Second, it does seem like Pepsi’s admission to follow the leader – Thums Up, and conceding that its product needed altering. Also, the soft drink consumers know fully well that the product is calorific, and those who are concerned can switch to the Diet or Lite versions. Tinkering with the main product is never a good idea.
Vani Gupta Dandia, marketing-led business consultant, CherryPeachPlum (former category director, Indian snacks and foods, PepsiCo)
Brands are built over years and years. Pepsi is one such iconic brand. Pepsi is Pepsi for its taste, challenger legacy (versus Coca-Cola), and youthfulness. The appeal of Pepsi, and what it's stood for, is linked to its sweeter taste.
Those who love it, love it for what it is. They may not care how many spoons of sugar it contains. There's a time and place for everything in life and in the mouth. So, if I was a Pepsi brand head, I wouldn't touch the magic formula of the product.
Maybe, they may acquire new customers in the process. But if I was in its place, I'd worry more about losing those who love Pepsi for what it was. The health-conscious variety won't feel better because Pepsi reduced sugar content. They'll opt for juices, or other beverages, instead.

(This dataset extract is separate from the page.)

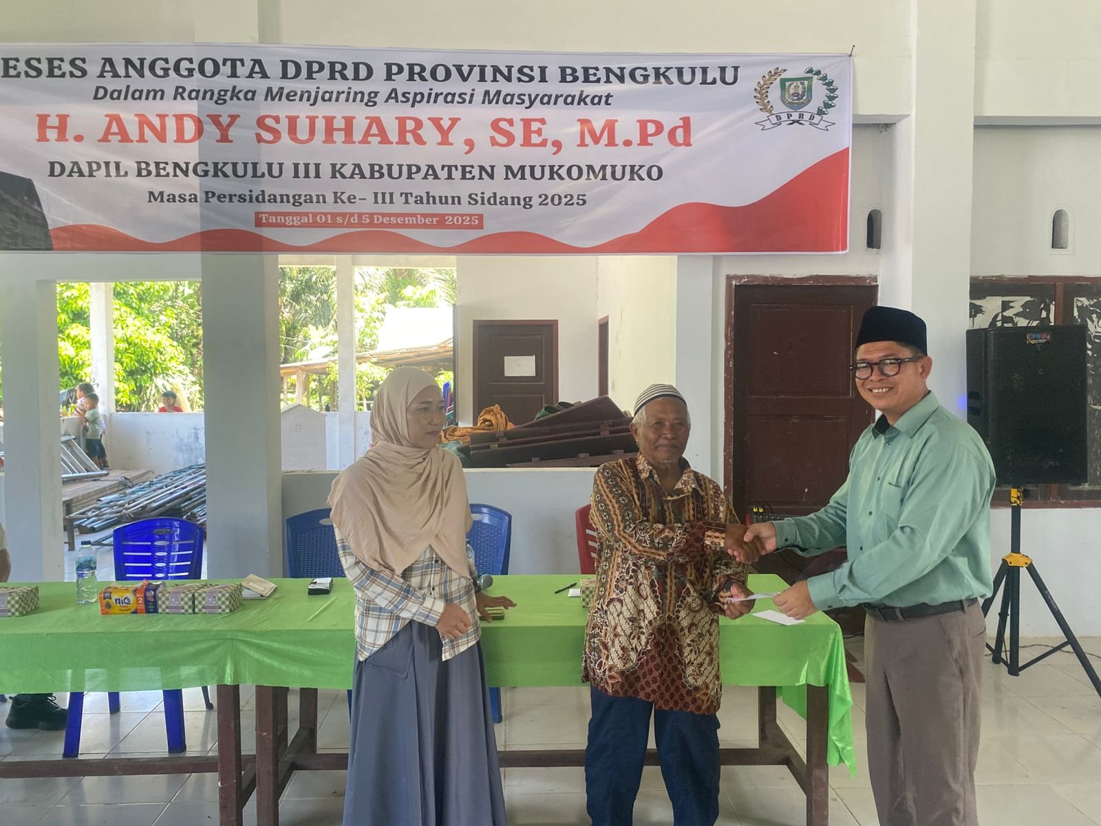 Mukomuko, GK – Kegiatan Reses Masa Sidang Ke-III yang dilakukan Ketua Badan Kehormatan (BK) DPRD Provinsi Bengkulu, Andy Suhary, S.E., M.Pd., di Desa Pasar Sebelat berlangsung hangat dan penuh dialog terbuka. Warga memanfaatkan kesempatan ini untuk menyampaikan berbagai keluhan dan harapan, terutama yang berkaitan dengan sektor pertanian, kondisi infrastruktur, serta kebutuhan penguatan UMKM desa.

Pepsi should address this need with a new variant. How can it mess with its flagship 'hero' product? That’s the whole idea of portfolio strategy – to meet different consumer requirements with a wider portfolio that straddles different needs as well as consumer segments. That’s what they're doing with its portfolio of brands – from Quaker and Tropicana to Pepsi and 7Up. Why wouldn't they do that within the main Pepsi brand too?
Years back, it introduced a product called 'Pepsi Max' to fight Thums Up. That died down very soon, but the idea was strategically right. That is just what they should be doing again. Isn't that why Pepsi abroad has a zillion different flavours?
Ruchira Jain, founder, Elevate Insights (former director insights, PepsiCo)
In the context of the consumers becoming more sugar-conscious and the palate itself evolving over time, sugar reduction is a win-win, as it also helps in cost reduction. Pepsi is, anyway, the sweeter flavour profile amongst the three colas and, therefore, this move may help improve brand perception amongst non-users. There is significant regulatory pressure to reduce sugar and salt too.
In the last few years, sugar substitutes have really improved, and this may be helping flavour delivery as well. Finally, it comes down to brand lovers accepting the changed product. I am sure PepsiCo has done rigorous testing before bringing this to the market, and will continue to monitor the actual changeover closely.
Shripad Kulkarni, media transformation consultant, marcom advisor for challenger brands
All soft drinks companies will have to reduce sugar content worldwide... This must be a part of that plan, as regulation and sin tax also play up. The category will have to transform.
The trick, I think will be to reduce the sugar content in stages so the change in perceived taste is not significant to have a direct negative effect on volumes. They would have done consumer research to figure out the extent of reduction (in stages) and the masking of taste with fizz etc.